Сидя в кресле, Коррадо прислушивался к порывам ветра и улыбался. Даже когда открылась дверь и в комнату кто-то вошел, он обернулся не сразу, а несколько секунд продолжал впитывать ревущий, протяжный, как волчий вой, стон за окном. Только когда все стихло, дон обернулся и застыл…
Это были Эдуардо и Энджело, но — Боже! — как они выглядели! В снегу, с бледными лицами, растерянные. Шляпа в руке Эдуардо мелко дрожала. Капли воды падали с нее на пол. И с пальто Портено. И с пальто Эдуардо тоже. Ковер быстро покрывался темными точками влаги.

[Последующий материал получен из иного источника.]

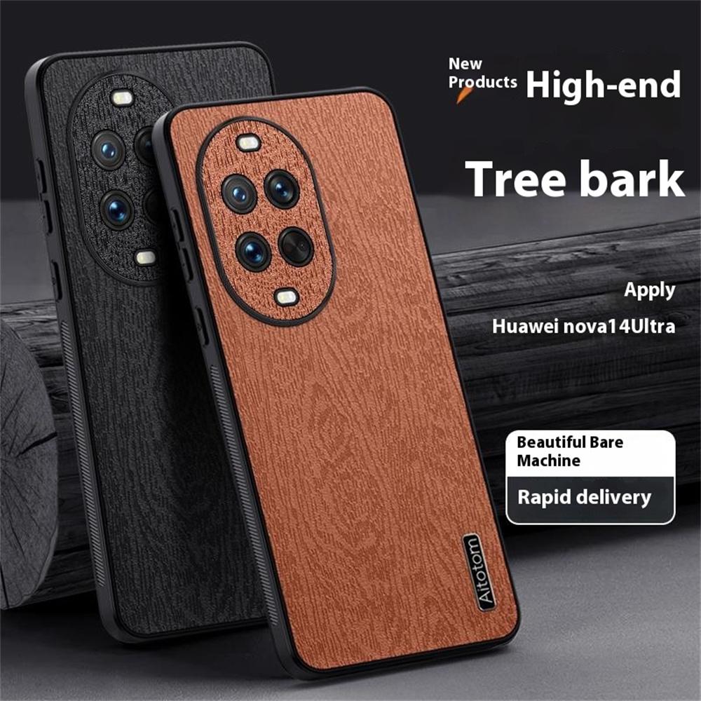 For Huawei Nova 14 Ultra 5G Case Wood Texture PU Leather Coated PC TPU Phone Cover

Коррадо знал, что случилось. Уверенность, страшная и абсолютная, овладела им. Однако, дон был сильным человеком. По крайней мере, настолько, чтобы не выдавать своего состояния. Стараясь, чтобы голос звучал спокойно, он спросил, вновь повернувшись к окну:
— Кто-то убит?
Энджело тяжело вздохнул.
— Да.
— Кто? — молчание затянулось, и Коррадо жестко повторил вопрос. — Кто!
— Папа… Убит Доминик…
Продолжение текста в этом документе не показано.